[MATERIAL PROVIDED Boundary: Start]
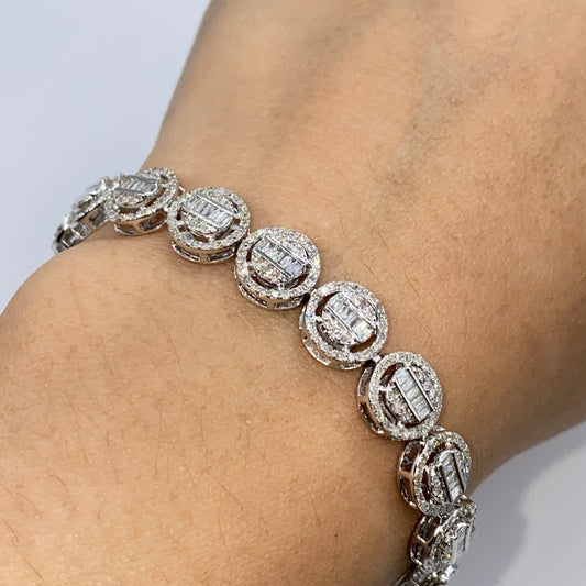 10K Halo Diamond Baguette Tennis Bracelet 8"
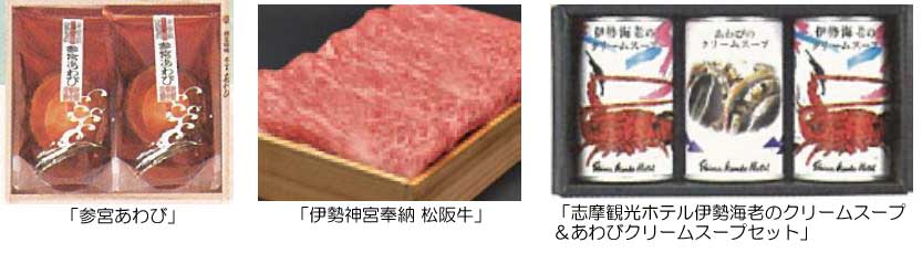キャプション: プレゼント賞品 「参宮あわび」50名様 「伊勢神宮奉納 松阪牛」50名様 「志摩観光ホテル伊勢海老のクリームスープ&あわびクリームスープセット]70名様
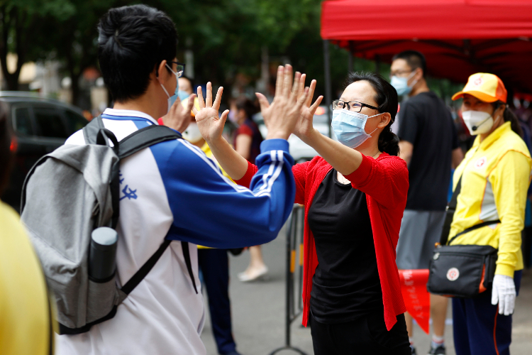 6月7日上午,北京市朝阳区陈经纶中学考点外,参加高考的学生入场前与送考老师击掌。(图片来源:本文图片除标注外均综编自中新社)
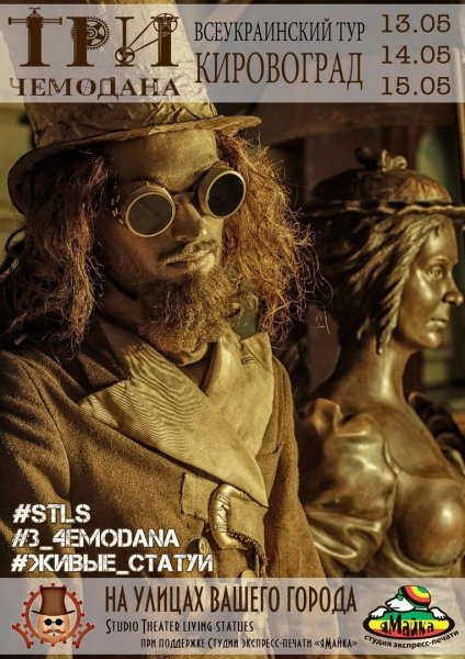 Всеукраинский тур живых скульптур "Три Чемодана" на улицах нашего города.
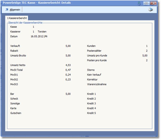 Die Details des Kassiererberichts werden in einem Dialogfenster angezeigt und können mit Klick auf den Quicktoolbutton <Drucken> in Papierform ausgegeben werden.
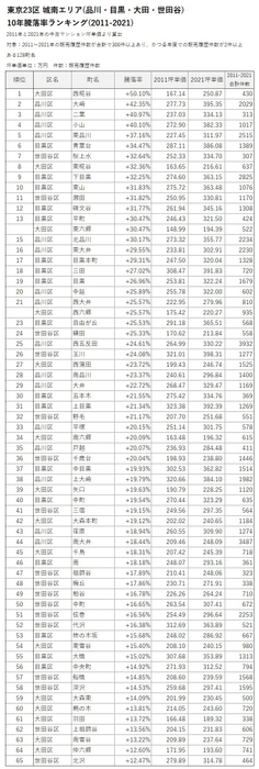 ■城南エリア 10年騰落率ランキング(2011-2021)
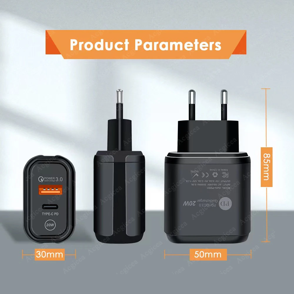 PD 20 Вт USB Type C зарядное устройство Быстрая зарядка для iPhone 13 12 Pro Max Huawei Xiaomi быстрое настенное зарядное устройство адаптер QC 3,0 EU/US Plug
[MATERIAL PROVIDED Boundary: End]
**YOUR OBJECTIVE:**
The entries are to be written out in full and exactly, apart from the pictures.

**WRITTEN RESPONSE:**
 10K Halo Diamond Baguette Tennis Bracelet 8"
キャプション: プレゼント賞品 「参宮あわび」50名様 「伊勢神宮奉納 松阪牛」50名様 「志摩観光ホテル伊勢海老のクリームスープ&あわびクリームスープセット]70名様
 6月7日上午,北京市朝阳区陈经纶中学考点外,参加高考的学生入场前与送考老师击掌。(图片来源:本文图片除标注外均综编自中新社)
 Всеукраинский тур живых скульптур "Три Чемодана" на улицах нашего города.
 Die Details des Kassiererberichts werden in einem Dialogfenster angezeigt und können mit Klick auf den Quicktoolbutton <Drucken> in Papierform ausgegeben werden.
 ■城南エリア 10年騰落率ランキング(2011-2021)
 PD 20 Вт USB Type C зарядное устройство Быстрая зарядка для iPhone 13 12 Pro Max Huawei Xiaomi быстрое настенное зарядное устройство адаптер QC 3,0 EU/US Plug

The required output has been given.